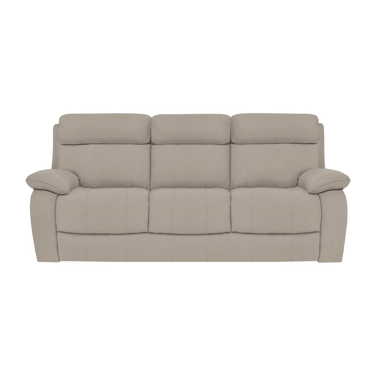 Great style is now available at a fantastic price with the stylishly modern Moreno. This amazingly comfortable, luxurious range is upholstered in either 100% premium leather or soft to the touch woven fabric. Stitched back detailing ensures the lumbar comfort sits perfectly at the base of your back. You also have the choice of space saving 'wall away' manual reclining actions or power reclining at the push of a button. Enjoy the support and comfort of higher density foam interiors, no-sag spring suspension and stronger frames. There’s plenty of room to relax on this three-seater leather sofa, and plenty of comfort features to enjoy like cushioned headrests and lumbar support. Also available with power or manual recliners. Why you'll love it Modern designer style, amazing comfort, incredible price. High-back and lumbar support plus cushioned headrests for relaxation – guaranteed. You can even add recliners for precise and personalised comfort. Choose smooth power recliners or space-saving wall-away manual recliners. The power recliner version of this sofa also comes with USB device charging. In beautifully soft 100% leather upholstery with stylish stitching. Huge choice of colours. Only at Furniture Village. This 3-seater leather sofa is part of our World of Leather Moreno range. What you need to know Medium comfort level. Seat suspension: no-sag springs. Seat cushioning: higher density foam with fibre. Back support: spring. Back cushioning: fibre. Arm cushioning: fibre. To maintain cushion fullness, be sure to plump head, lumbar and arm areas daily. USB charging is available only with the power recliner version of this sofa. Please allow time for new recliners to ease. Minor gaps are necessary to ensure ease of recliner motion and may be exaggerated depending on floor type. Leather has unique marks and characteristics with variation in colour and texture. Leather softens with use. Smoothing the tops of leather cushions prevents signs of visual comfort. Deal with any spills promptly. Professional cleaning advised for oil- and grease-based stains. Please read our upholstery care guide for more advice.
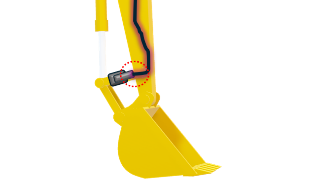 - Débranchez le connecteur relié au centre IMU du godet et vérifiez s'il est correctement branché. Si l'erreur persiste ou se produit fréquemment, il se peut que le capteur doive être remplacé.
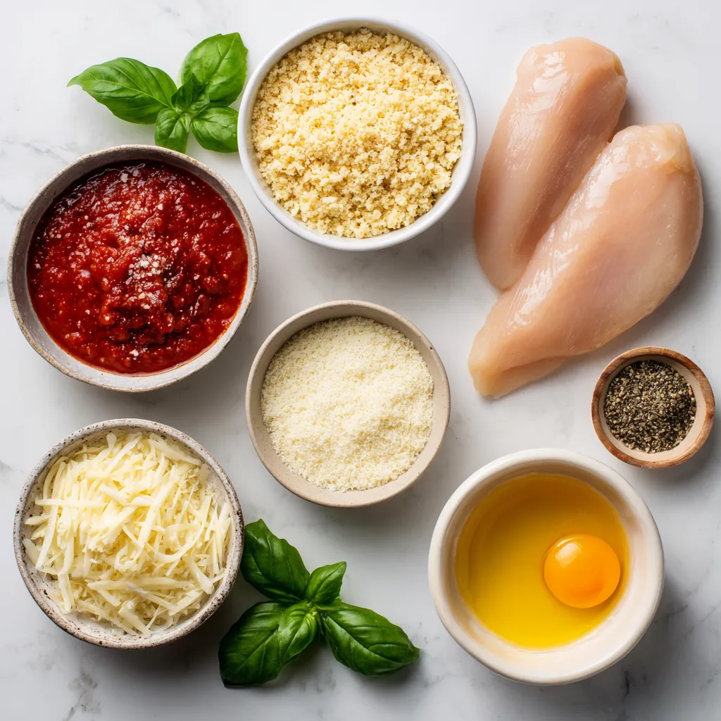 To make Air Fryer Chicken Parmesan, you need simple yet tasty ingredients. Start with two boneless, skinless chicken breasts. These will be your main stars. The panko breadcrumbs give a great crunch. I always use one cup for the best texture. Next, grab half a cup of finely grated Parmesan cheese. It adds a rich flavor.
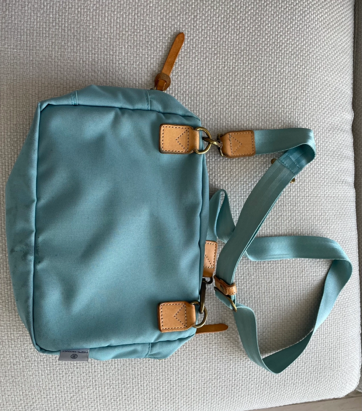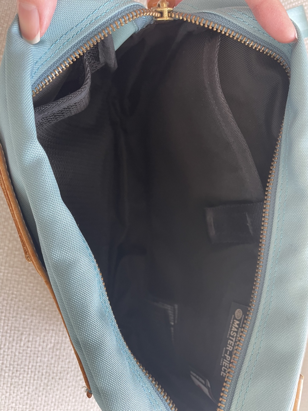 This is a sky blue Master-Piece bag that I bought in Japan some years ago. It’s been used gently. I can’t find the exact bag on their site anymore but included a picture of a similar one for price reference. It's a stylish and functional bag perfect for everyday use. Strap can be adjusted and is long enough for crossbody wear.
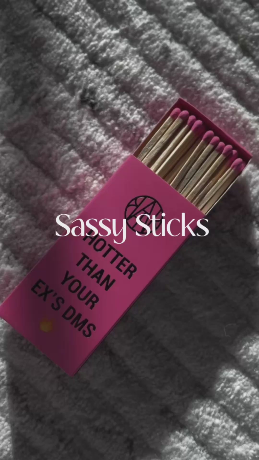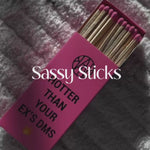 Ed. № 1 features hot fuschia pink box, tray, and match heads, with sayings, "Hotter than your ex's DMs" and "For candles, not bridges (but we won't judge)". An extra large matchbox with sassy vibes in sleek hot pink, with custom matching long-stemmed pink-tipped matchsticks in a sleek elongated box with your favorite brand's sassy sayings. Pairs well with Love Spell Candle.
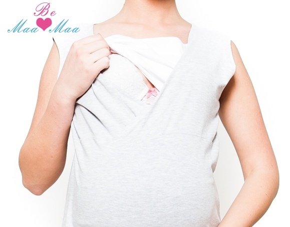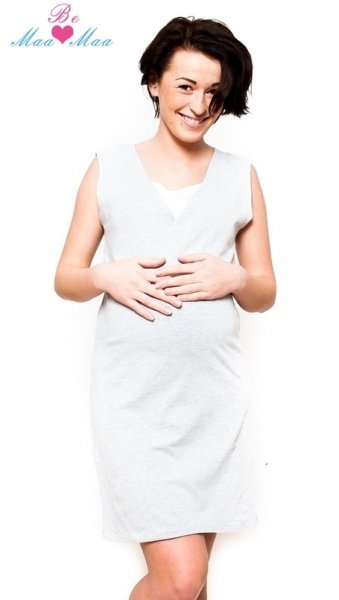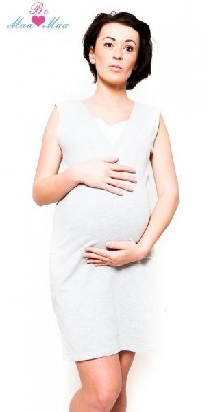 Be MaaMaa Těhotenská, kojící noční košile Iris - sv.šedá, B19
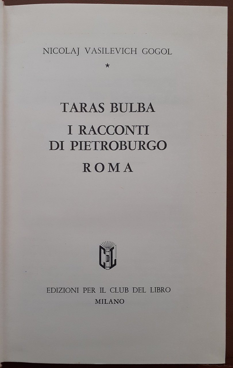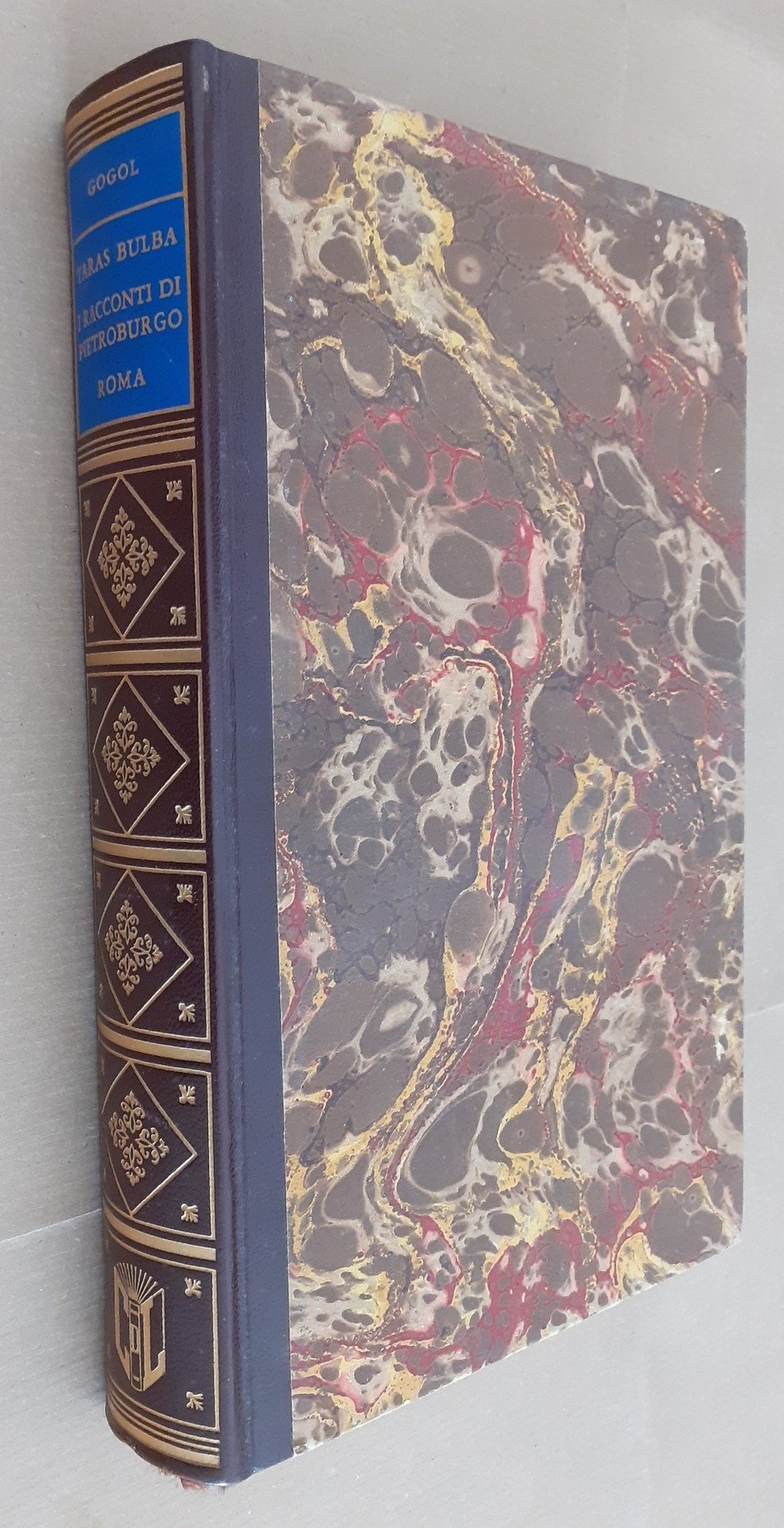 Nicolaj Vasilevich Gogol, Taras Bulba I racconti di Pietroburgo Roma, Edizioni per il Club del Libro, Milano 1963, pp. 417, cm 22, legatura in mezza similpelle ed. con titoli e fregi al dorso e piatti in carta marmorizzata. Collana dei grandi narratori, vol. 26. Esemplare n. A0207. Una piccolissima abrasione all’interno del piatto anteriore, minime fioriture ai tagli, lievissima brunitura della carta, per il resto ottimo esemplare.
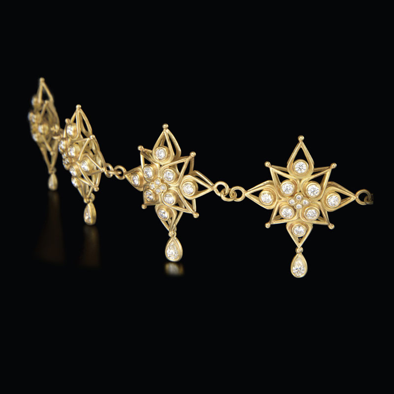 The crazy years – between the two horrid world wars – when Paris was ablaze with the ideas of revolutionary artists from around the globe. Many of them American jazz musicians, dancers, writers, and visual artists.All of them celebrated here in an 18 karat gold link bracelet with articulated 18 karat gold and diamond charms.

Exercise directions: Leave every picture out and write out exactly the lines from the line with "Be MaaMaa Těhotenská, kojící" through the last line of the material.

Result of the task:
 Be MaaMaa Těhotenská, kojící noční košile Iris - sv.šedá, B19
 Nicolaj Vasilevich Gogol, Taras Bulba I racconti di Pietroburgo Roma, Edizioni per il Club del Libro, Milano 1963, pp. 417, cm 22, legatura in mezza similpelle ed. con titoli e fregi al dorso e piatti in carta marmorizzata. Collana dei grandi narratori, vol. 26. Esemplare n. A0207. Una piccolissima abrasione all’interno del piatto anteriore, minime fioriture ai tagli, lievissima brunitura della carta, per il resto ottimo esemplare.
 The crazy years – between the two horrid world wars – when Paris was ablaze with the ideas of revolutionary artists from around the globe. Many of them American jazz musicians, dancers, writers, and visual artists.All of them celebrated here in an 18 karat gold link bracelet with articulated 18 karat gold and diamond charms.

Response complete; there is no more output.